All Commentary
Sunday, September 1, 1991

Corporate Social Responsibility: A Dialogue

Mr. Harris is studying political science at Auburn University.

Imagine if you will that ancient Greece’s two greatest philosophers, Plato and Aristotle, are alive today and debating philosophical subjects much as they did in Plato’s Academy. The subject at hand is the moral responsibility of corporations to the whole of society.

Plato: The debate over the social responsibilities of corporations is perhaps the most crucial, and certainly one of the hottest in the field of business ethics. Corporations, as the largest and most visible members of the business community, stand at the center of any discussion of the role of business in society. Of course, as in any debate, there are different views; thus, there is some contention as to what that social responsibility actually is.

Aristotle: What are the most prominent of these views?

Plato: Well, there are three major schools of thought, each with its own proponents. The first, and probably the most prominent, is the corporate accountability theory. Its major proponent is the “consumer advocate” Ralph Nader.

The second major theory is the profit motive theory, its most prominent advocate is Milton Friedman. Dr. Friedman was a professor of economics at the University of Chicago for many years, and has received the Nobel Prize for his work in that field.

The third and most recent theory is the corporate natural rights theory. Although it has no defenders of the public stature of Mr. Nader and Dr. Friedman, it does have competent proponents. The specific argument that we shall discuss in favor of this theory is advanced by Douglas J. Den Uyl, a professor of philosophy at Bellarmine College in Louisville, Kentucky.
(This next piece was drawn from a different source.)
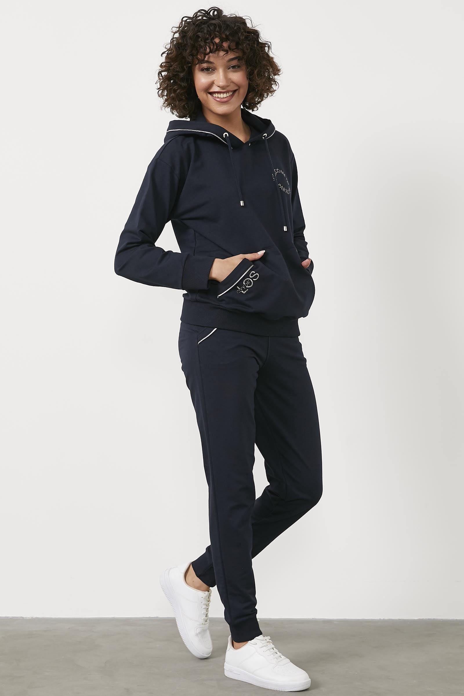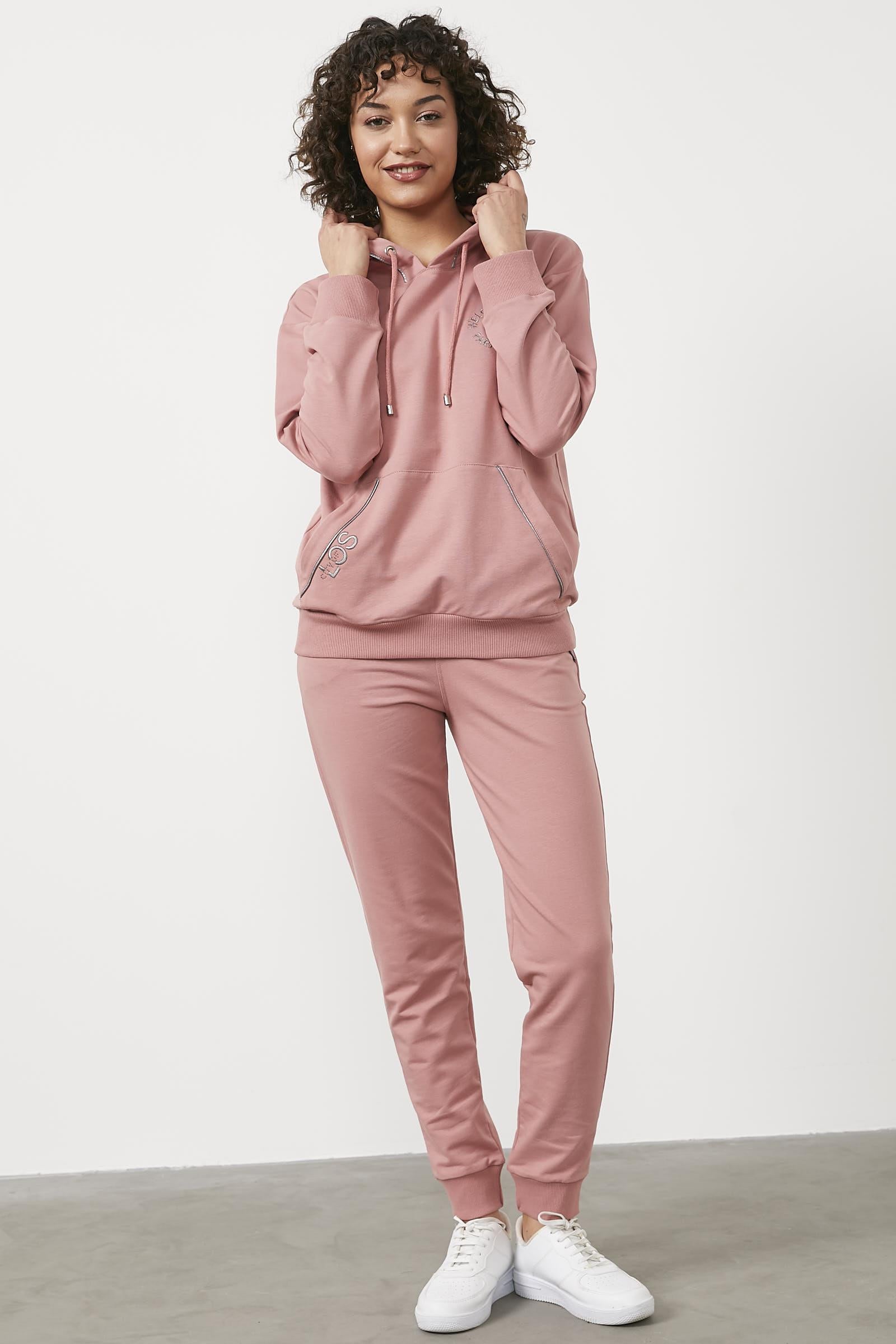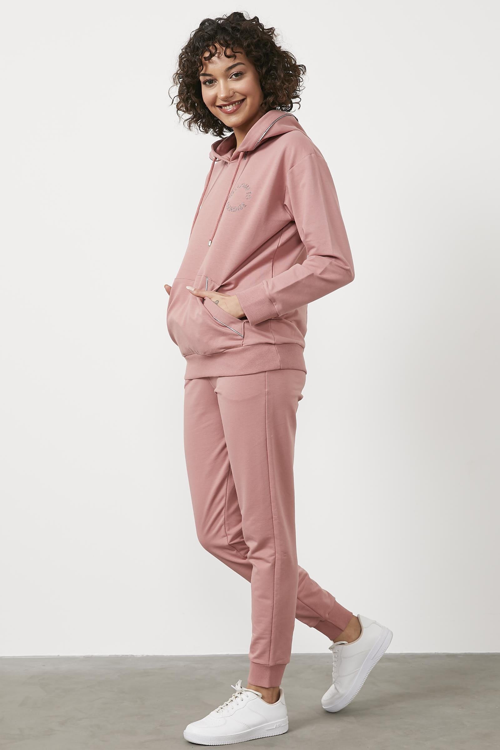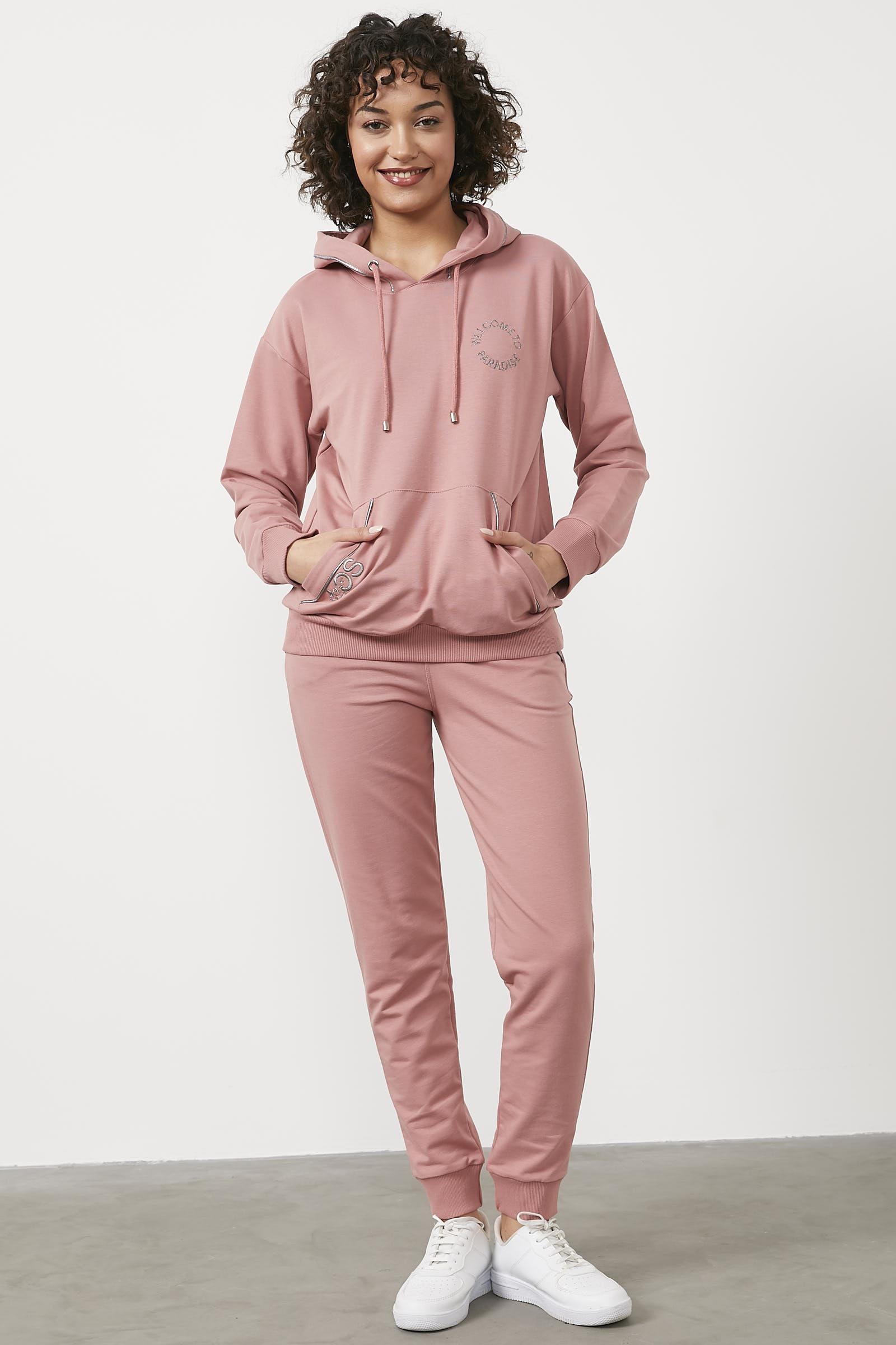 Standing out with its hooded form, the sweatshirt helps you stand out by offering an eye-catching style with its kangaroo pocket detail. Elastic drawstring trousers keep you warm and comfortable with its soft structure.

Aristotle: What are the main thrusts of these arguments?

Plato: The corporate accountability theory, in brief, holds that corporations are responsible to and subject to the will of the people, that is to say, society. The profit motive theory holds that, in the words of Dr. Friedman, “there is one and only one social responsibility of business—to use its resources and engage in activities designed to increase its profits so long as it stays within the rules of the game . . . .”

The corporate natural rights theory basically states that Dr. Friedman is right about profit being the major goal of corporate business, but that there are other moral responsibilities that must be met so long as they don’t directly conflict with the profit-making goal.

Aristotle: It seems these arguments merit a more in-depth discussion.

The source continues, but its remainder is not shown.